Ils le trouvent meilleur que Benoît Hamon :
« Mélenchon/Hamon ; S’entendrait/pourrait aller au second tour (avec Mélenchon ! pas Hamon !!!) à mon avis ! », « la montée de Mélenchon ; cela ne m’étonne pas. Ses meetings intéressent les gens plutôt que celui de Hamon ».
Cependant, ils le perçoivent négativement concernant son ego : « mégalo ». Les tonalités sont aussi très positives au sein des sympathisants d’Extrême Gauche et de Gauche. Les sympathisants du PS le trouvent « intéressant », « en pleine ascension », « finalement Mélenchon paraît le plus convaincant ».
Plus de la moitié des sympathisants PS qui évoquent ce sujet commentent la remontée de Jean-Luc Mélenchon dans les sondages, passant devant Benoît Hamon, un changement qu’ils voient d’un bon œil : « Intéressant », « Très positif », « Enfin quelque chose de nouveau ».
Les personnes interrogées déclarant voter pour Benoît Hamon aux prochaines élections attribuent notamment cette remontée de Jean-Luc Mélenchon à un manque relatif de charisme de Benoît Hamon.
« Mélenchon dépasse Hamon, avec un programme clair et précis, que l’on aime ou pas » ; « La supériorité de Jean-Luc Mélenchon ; personne ne lui arrive à la cheville quand il s’agit d’exprimer ses idées, c’est vraiment lui le meilleur » ; « Dommage qu’il n’ait pas le don de Mélenchon ! Ses idées sont innovantes et mériteraient un meilleur accueil. Le dernier socialiste, c’est lui », « Mélenchon passe devant Hamon dans les sondages ! ; Hamon ne sait pas s’expliquer, manque d’envergure, trop angélique ».
Le candidat soutenu par le Parti socialiste est le moins mentionné spontanément, seulement 6%. De plus, il l’est surtout plus chez ses opposants que parmi ses partisans, soit 8% pour les sympathisants d’Extrême Gauche et Gauche, 13% pour ceux d’En Marche, 12% chez ceux de Droite, et 6% pour les sympathisants du FN.
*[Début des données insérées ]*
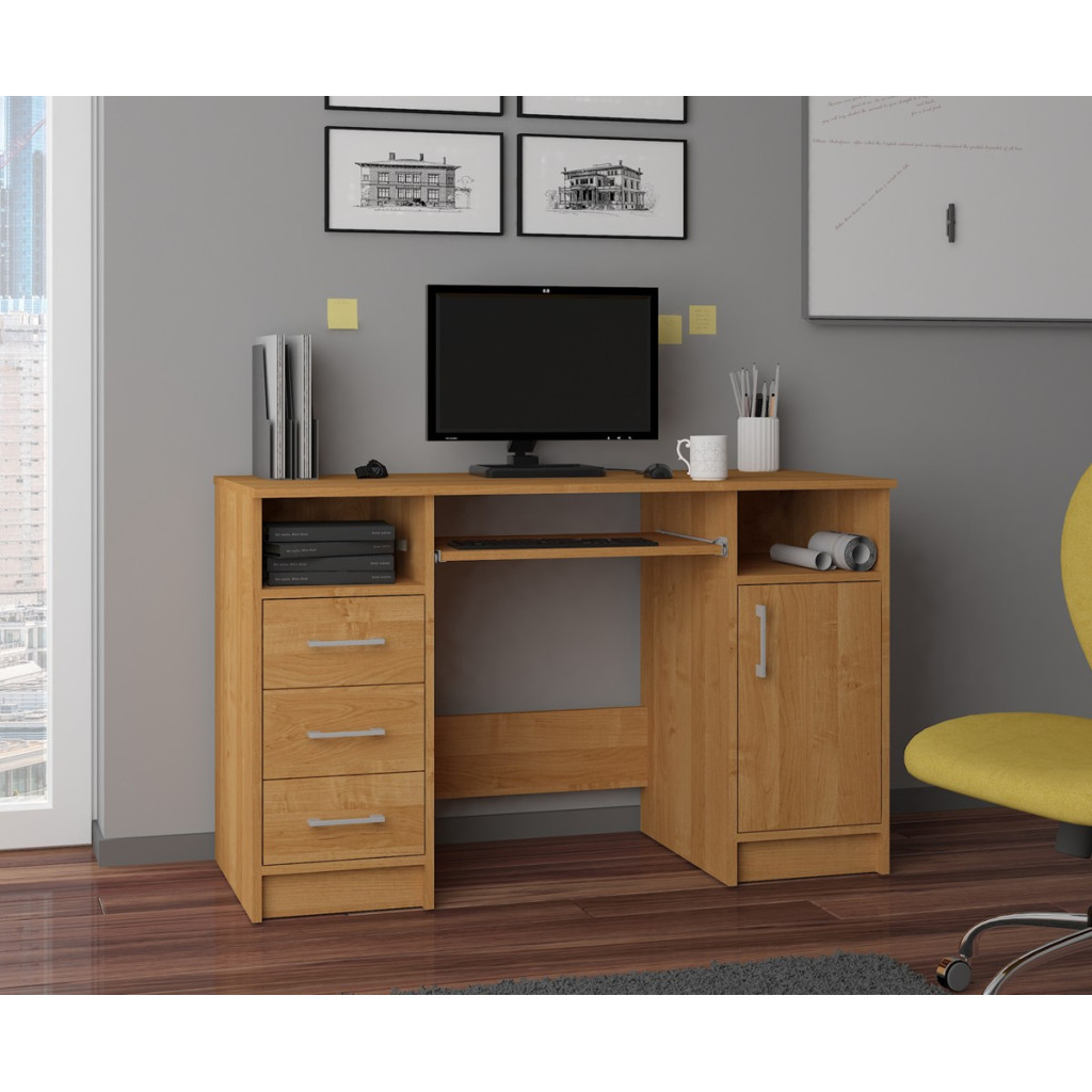 Biroul este o solutie practica pentru birou sau camera de studiu. Ofera spatiu generos pentru lucru si multiple compartimente pentru organizarea eficienta a documentelor si accesoriilor. Include 3 sertare, un dulap cu polita interioara si o polita glisanta pentru tastatura, toate concepute pentru confort si functionalitate zilnica.
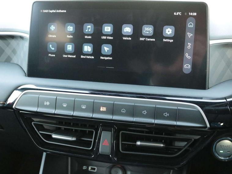 10.25" Colour touchscreen, 3 driving modes Normal, Eco, Sport, 3 Energy regeneration modes (1, 2, 3), 360 degree camera with rear sensor, 7" Driver display, Adaptive cruise control, Android Auto, Apple car play, Blind zone detection with lane change assist, Bluetooth connection, Driver attention alert system, E-call, Forward collision warning, Intelligent speed limit assist, Lane keep assist system (LAS) with Lane departure warning system (LDWS), PAS, Rear cross traffic alert, Reverse parking sensors, Satellite navigation with speed limit recognition, Traffic jam assist, Trip computer, 6 speaker audio system, DAB audio, iSmart phone connectivity, Radio, MP3 and AUX/USB, USB ports (2x front, 1x rear), Auto dimming rear view mirror, Automatic headlamps, Body colour bumpers, Body coloured door handles, Body coloured electrically adjustable heated door mirrors, Follow me home headlights, Front and rear electric windows with driver's one-touch up/down, Intelligent headlamp control, LED centre brake light, LED daytime running lights, LED projector headlights, Rain sensor wiper, Rear privacy glass, Rear side wing doors, Rear window defogger, Rear wiper, 12V socket, 3 seat bench in 2nd row, Automatic air conditioning, Boot space lamp, Driver 6-way adjustable seat, Front centre armrest with storage, Front cup holders, Front headrests, Front interior courtesy light with time delay and reading lights, Front passenger seat map pocket, Front sun visors with driver and passenger mirrors, Heated front seats, Heated steering wheel, Leather style multifunction steering wheel, Leather style with cloth inserts upholstery, One piece folding rear seat, Passenger 4-way adjustable seat, Reach and rake 4 way adjust steering column, Single front passenger seat, 2 x adjustable rear head rests, 3x3 point rear seatbelts, ABS/EBD, Active emergency braking with pedestrian/Bicycle detection, Drivers seatbelt reminder, Dual front airbags, EBA, Electric parking brake with autohold, ESP, Front and rear passenger seat belt reminder, Front passenger airbag deactivation switch, Front seatbelts (3-point + pretensioner + load limiter), Front side airbags, Hill start assist, Rear child locks, Rear isofix x2, Side curtain airbags, Tyre pressure monitoring system, Alarm & Engine Immobiliser, Keyless entry, Remote Central Locking with Fold-away Key, 16" Atlas alloy wheel, Tyre repair kit,
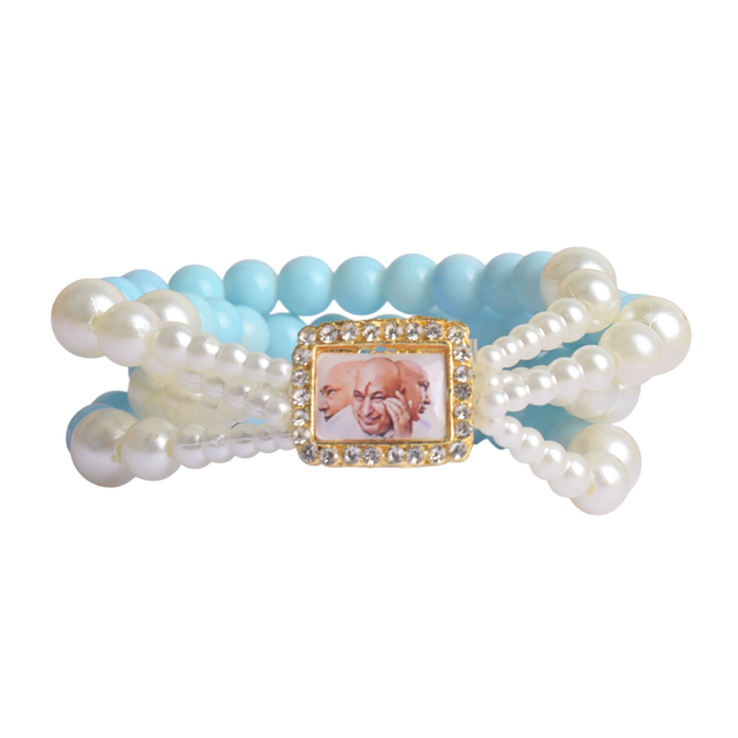 Buy Baby Blue & White Pearl Guruji Swaroop Bracelet | satvikstore.in
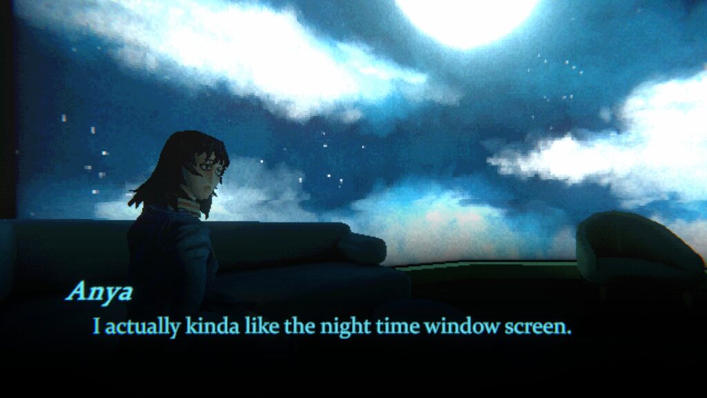Noen av de dypeste og viktigste samtalene senere i spillet skjer med og om Anya. Som den eneste kvinnen om bord, gjør hun ofte refleksjoner rundt hva dette betyr. Noe ved henne føles ekstremt malplassert, som hun uttrykker å kjenne på selv.
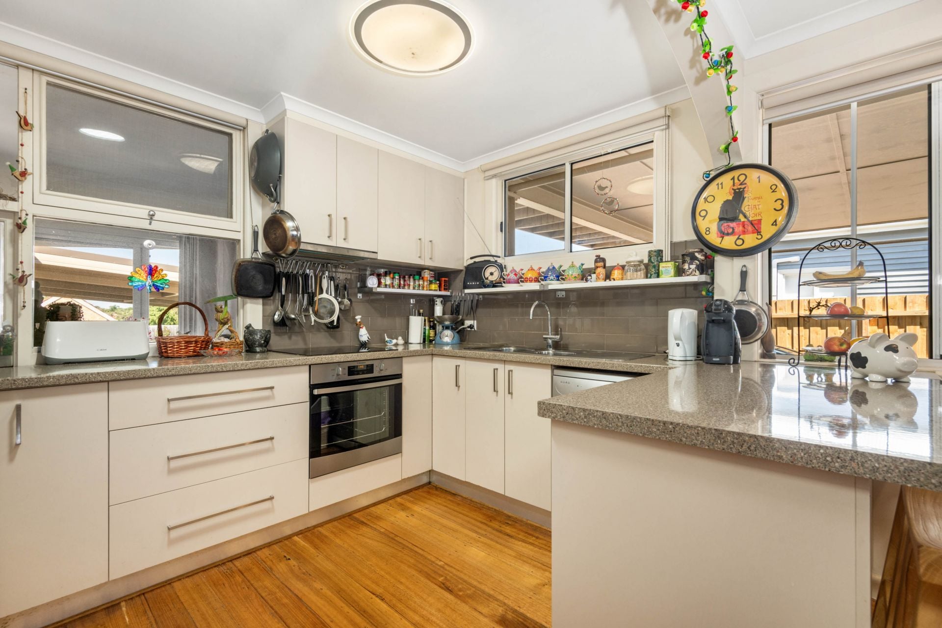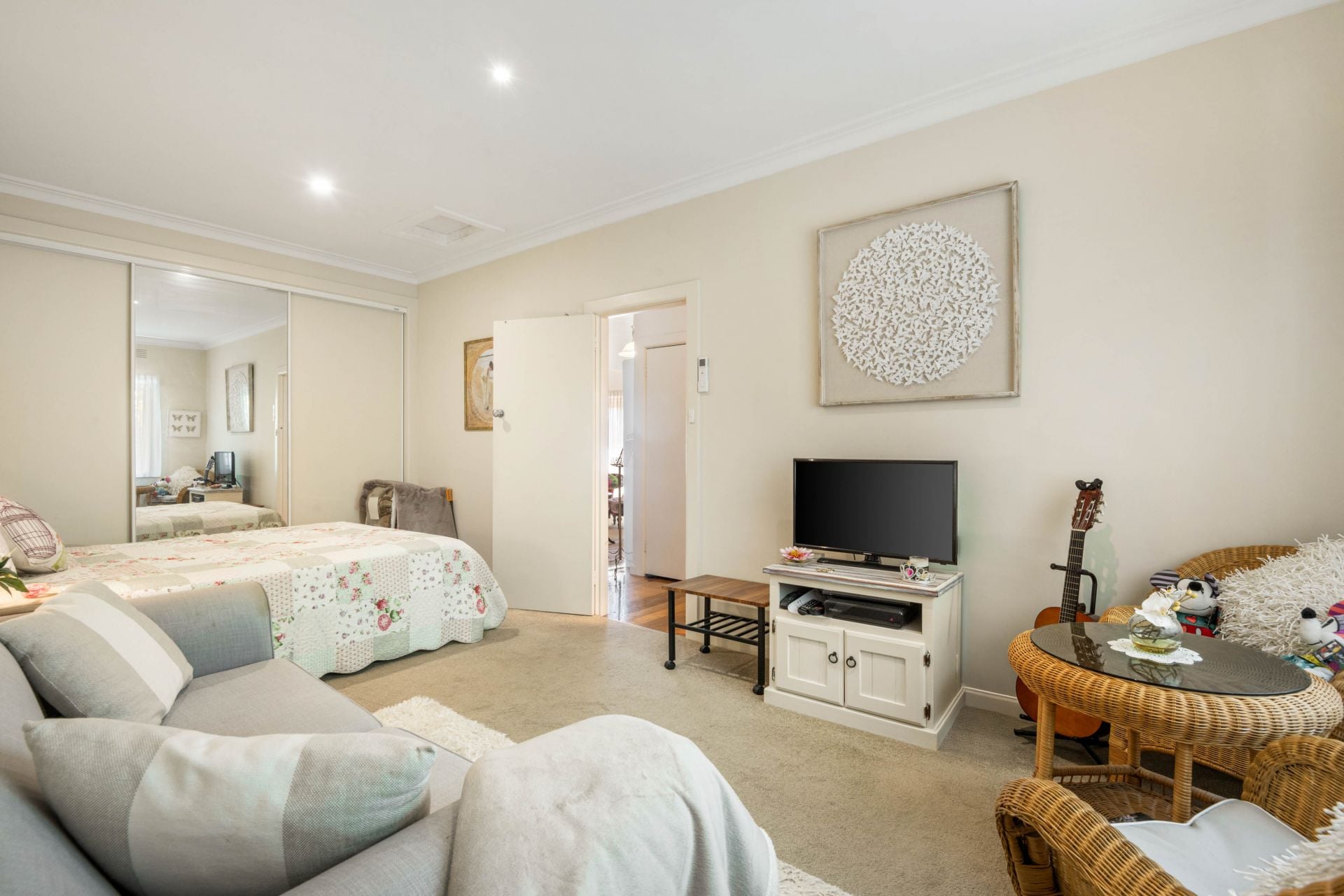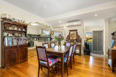 The rear wing functions as a fully self-contained two-bedroom residence, also with timber floors and a modern open-plan kitchen and living zone. Both bedrooms feature built-in robes and share a stylish bathroom, making this wing ideal for extended family or short-stay accommodation.
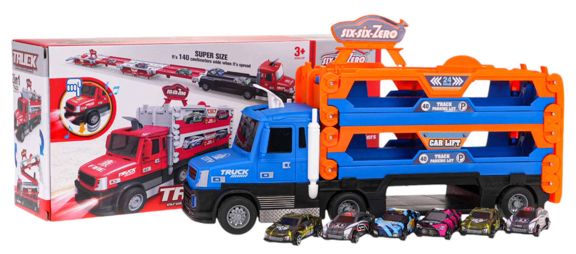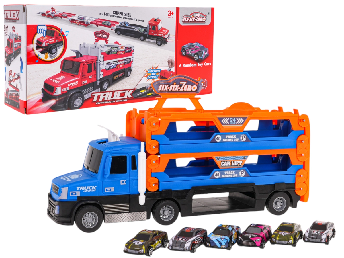 Διαδραστικό, τριών επιπέδων φορτηγό με καταπέλτη για παιδιά από 3 ετών προσφέρει αποθήκευση και αγώνες σε ένα. Όταν ξεδιπλωθεί, μετατρέπεται σε μακρά αγωνιστική πίστα έως 140 cm και χάρη στα λάστιχα από καουτσούκ είναι σταθερό στην κίνηση. Περιλαμβάνει 6 μεταλλικά αυτοκινητάκια (1:64), φωτεινά και ηχητικά εφέ και εκτοξευτή για δυναμικό παιχνίδι.
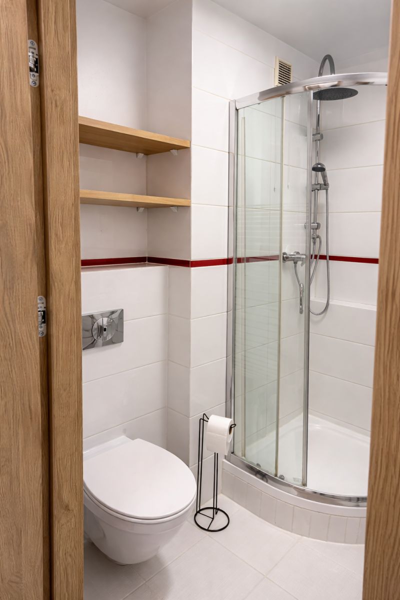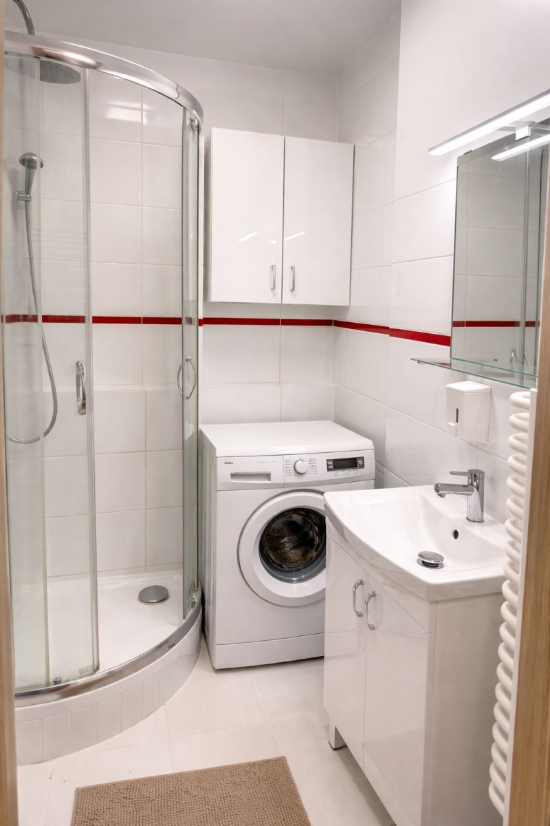 Łazienka: Wyposażona w nowoczesny prysznic.

Les mentions faites de Benoît Hamon sont en lien avec les ralliements d’élus PS à Emmanuel Macron :
« Abandonné », « Hamon lâché par des socialistes », « Le PS se dirige vers Macron ; cela prouve qu’il n’y a aucun rassemblement de la gauche. Et Macron est préféré. Le programme de Hamon est impossible fait rêver les gens mais impossible de relever la France avec un programme pareil. » (LR), « Martyr. » (EM)
Même parmi ceux déclarant voter pour Benoît Hamon les tonalités de verbatim ne sont pas positives : « Décevant », « Il a du mal à percer ».
Il est, à son corps défendant, comparé à Jean-Luc Mélenchon, avec parfois des termes peu flatteurs :
« Meeting Mélenchon ; il est passé devant Hamon », « Mélenchon devant Hamon ; que Hamon se désiste pour Mélenchon, B Hamon a peu de charisme » (En Marche) « Mélenchon devant Hamon ; Excellent » (vote Mélenchon en 2017), « 10000 personnes pour écouter JL Mélenchon à Rennes ; il attire plus de monde que B. Hamon » (LR).